Jennifer Aniston – Can she leave Rachel behind her?
Their BFF! The girl next door who put on a plucky face and soldiered on when her husband dumped her for Angelina Jolie! The patron saint of jilted women everywhere. The devotion Aniston inspires is almost as scarily intense as the hatred, both factions making it their business to dissect her private life, psychoanalyse her choice of clothes and make-up, and lob invective at each other in the continuing Team Aniston vs Team Jolie wars. But there are three things we should realise about Jennifer Aniston: 1) You don’t spend a decade in a smartly written sitcom without acquiring razor-sharp comic timing. 2) At least some of the loathing she inspires is due to her area of expertise being that most despised of genres – the rom-com. 3) The reputation she has somehow been saddled with for being “box?office poison” is false.
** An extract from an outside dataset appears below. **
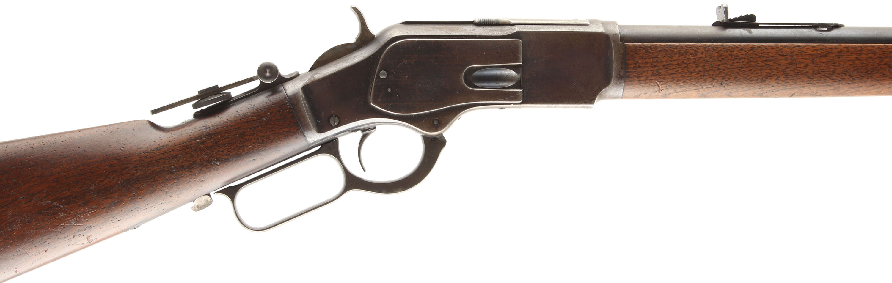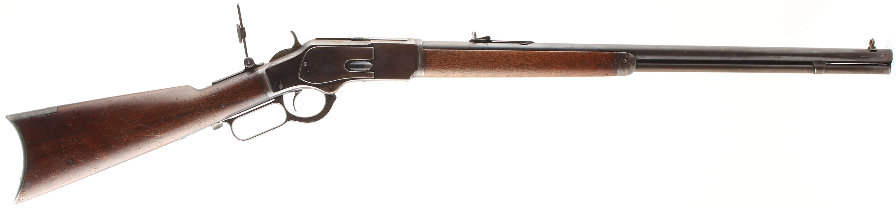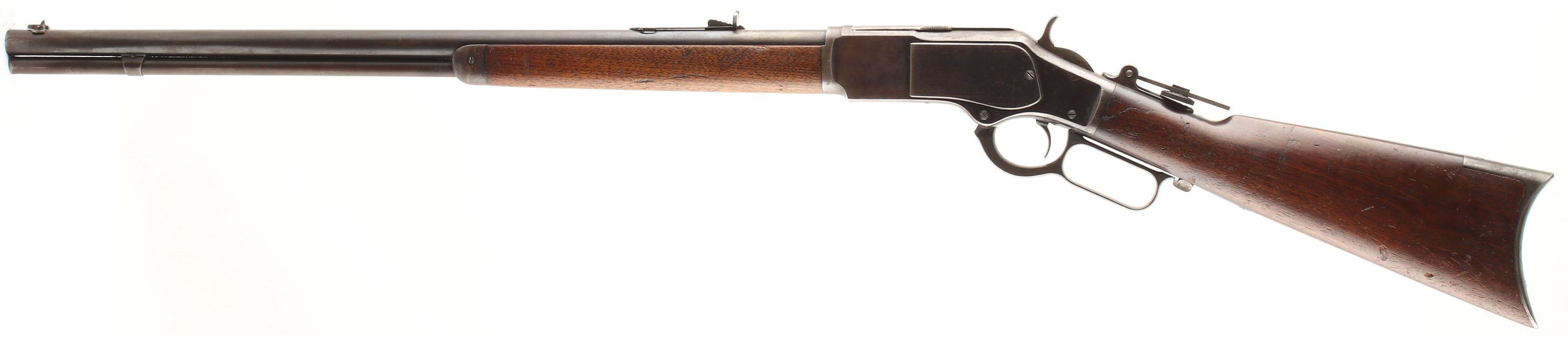 Winchester Model 1873, 3rd Variation, 32 WCF CAL., MFG: 1883, SN: 124091A, Lever Action Rifle, 24 1/4'' Round barrel, Full Mag. The original wood stocks are excellent & solid. The stocks have several minor scratches, scrapes & contusions to the very nice original finish on the stock. The forearm appears to have been cleaned some time ago, but not sanded, as it is a shade lighter than the receiver. The original metal blue finish has worn & faded to where there remains approximately 20% in the more protected areas of the receiver barrel & mag, with the balance worn gun metal gray & a thin brown patina. Some very muted outlines of case-colors remain on the case-hardened lever & hammer. Bore is excellent & bright. The receiver is fitted with a vernier large aperture flip-up tang sight, while the barrel carries the original adjustable rear & flip-up globe front sights. Buttstock carries a crescent metal buttplate. Plain trigger. A very nice & sharp appearing antique 1873 rifle. Antique, NO FFL Req. - Value: 2750 to 3500
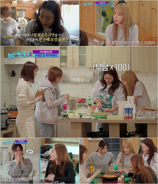 앞서 지옥훈련으로 ‘초심 회복’의 시간을 가졌던 언니들은 드디어 ‘MT의 성지’ 대성리에 입성한다. 숙소에 도착하자마자, ‘분식집 딸’ 이영현은 배고픈 언니들을 위해 손수 떡볶이를 만들고, 이영현표 떡볶이를 맛본 아이비는 “밀키트 내자!”라며 감탄한다.

With few exceptions, her films have made money. The exceptions include Wanderlust, a Judd Apatow-produced comedy that flopped in cinemas but may yet make its money back in auxiliary markets, Brad Bird’s under-appreciated animated gem The Iron Giant, in which she provided the voice of the kid’s mum, and cult hit Office Space, in which she was underused in a boring girlfriend role. She has played her share of boring girlfriends, but hitching her star to those of Jim Carrey (in Bruce Almighty) or Adam Sandler (in Just Go With It, a remake of the 1969 comedy Cactus Flower, with Aniston in the Ingrid Bergman role), or blending into an ensemble rom-com cast (something at which she has had plenty of practice) in He’s Just Not That Into You, enabled her to add some smash hits to her CV. Nevertheless, in nearly every case where Aniston has had star or equal billing, the box-office takings have been substantial – she’s one of the few female stars who can command audiences worldwide. “The Rachel” is not just a hair-do but a performance, one on which she has been ringing sometimes intriguing variations for over a decade. There’s Rachel with a gay friend in The Object of My Affection (one of the first rom-coms to acknowledge that a girl’s best friend is often homosexual), Rachel as Manic Pixie Dreamgirl (a bubbly, life-loving creature that only exists on film) in Along Came Polly (a film that cunningly subverts the cliche to turn her into the Voice of Reason opposite Ben Stiller’s neurotic), Rachel falling out of love with Vince Vaughn in The Break-Up, a reverse rom-com that bravely addresses the decline of a relationship, rather than its flowering.